TEMPO Interaktif, Lima - Bekas komandan angkatan bersenjata Ollanta Humala mengaku memenangkan pemilihan Presiden Peru, Ahad, 5 Juni 2011.
Penghitungan kotak suara masih menyisahkan tiga perempat lagi, namun Humala telah menunjukkan tanda-tanda kemenangan tipis dari saingan dekat pimpinan partai sayap kanan, Keiko Fujimori.
Pemimpin sayap kiri itu unggul di beberapa kawasan miskin dan pedesaan. Dari hasil penghitungan sementara, Humala meraih 50,1 persen suara atau unggul 20 ribu suara dari putri bekas pemimpin Peru, Alberto Fujimori, yang kini mendekam dalam penjara karena tuduhan korupsi.
Perhitungan tiga lembaga survei dan penghitungan cepat menunjukkan Humala memenangkan pemilihan presiden. Meski demikian, para pengamat mengatakan masih terlalu dini untuk menyatakan Humala memenangkan pemilihan ini.
"Dari hasil hitungan cepat, informasi yang masuk menunjukkan kita memenangkan pemilihan presiden," ujar Humala kepada para pendukungnya yang berkumpul di sebuah hotel di ibu kota Lima, Ahad malam.
"Kami siap membangun Peru untuk semua orang," tambahnya.
Kemenangan sementara ini tak pelak disambut suka cita 5000 penyokongnya dengan mengibar-kibarkan kain warna merah dan putih, bendera Peru, serta spanduk warna-warni di ibu kota Lima. Beberapa di antaranya menari-nari kegirangan seraya meneriakkan yel-yel "Humala Presiden, mampus Fujimori!"
Spanduk besar nampak di mana-mana bertuliskan, "Lupakan Fujimori!", "Tak Ada Lagi Fujimori!"
Kendati Komisi Pemilihan Umum belum menetapkan hasil akhir pemilihan, pesta kemenangan pendukung Humala tak hanya digelar di ibu kota negara, melainkan juga di hampir seluruh pelosok Peru. Bahkan, pesta kemenangan itu sempat menimbulkan insiden pembakaran patung Fujimori.
Peru merupakan negara eksportir mineral nomor wahid di dunia. Pertumbuhan ekonomi negeri di Amerika Latin ini sangat cepat dalam beberapa dekade, namun sebagian rakyat Peru masih hidup di bawah garis kemiskinan.
Humala, dalam kampanye pemilihan presiden, mengusung isu soal ekonomi.
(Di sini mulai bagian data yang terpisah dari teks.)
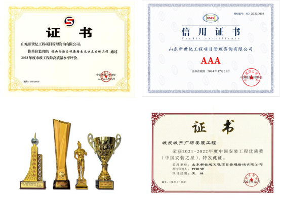 公司先后斩获“国家级重合同守信用企业”“工人先锋号”“援川工作先进集体”等荣誉,彰显了在诚信经营、团队建设与社会服务领域的突出贡献;凭借技术创新,被山东省科学技术厅认定为“科技型中小企业”。公司连续多年荣获中国建设监理协会、中国建设工程造价管理协会“AAA 级企业”及山东省建设监理与咨询协会“5A 级监理企业”“先进监理企业”等荣誉称号,成为行业信誉与实力的标杆。

Dia berjanji negara akan mengontrol seluruh sumber ekonomi meskipun hal tersebut membuat investor asing ketar-ketir.
Isu nasionalisasi ekonomi ternyata sangat menarik rakyat Peru yang hidup papa. Salah satunya adalah Dominque Pedrex, seorang karyawan restoran di sebuah hotel. Pria 48 tahun itu dikenal sebagai antikapitalis, namun cukup moderat. Dia pernah mencalonkan dalam pemilihan presiden 2006 namun terjungkal.
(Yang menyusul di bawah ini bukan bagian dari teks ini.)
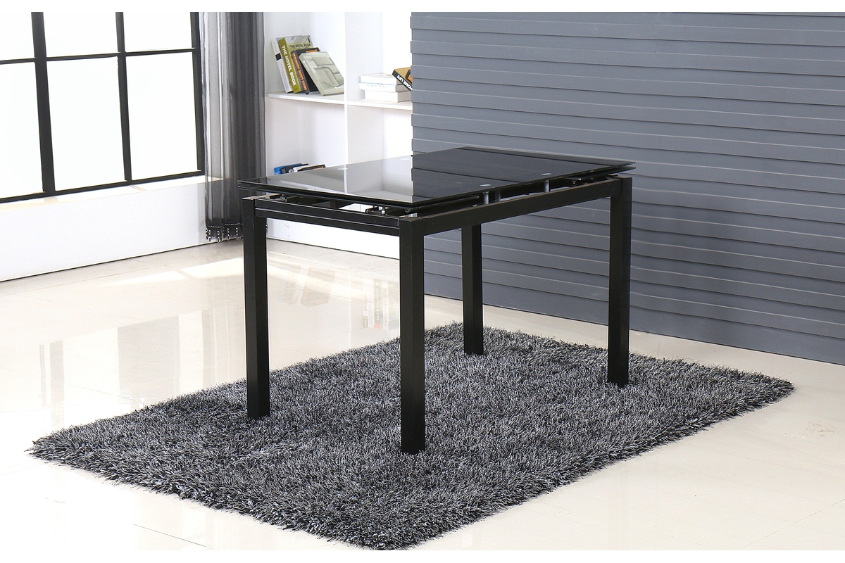 Скло чорного кольору, термозагартоване (триплекс) Товщина скла = 10 мм. Ніжки - метал, колір чорний. Розмір складений 110 см*70 см. Розмір розкладений 170*70см. Висота: 75 см

"Bagi Ollanta, tak ada kaya atau miskin, tua atau muda, kami semua setara," kata Dominque Pedrex, 30 tahun, karyawan restoran.
"Atasanku tak akan memaksakan lagi aku harus bekerja 12 jam sehari. Akan ada keadilan bagiku dan ini yang dibutuhkan oleh kaum miskin," ujarnya.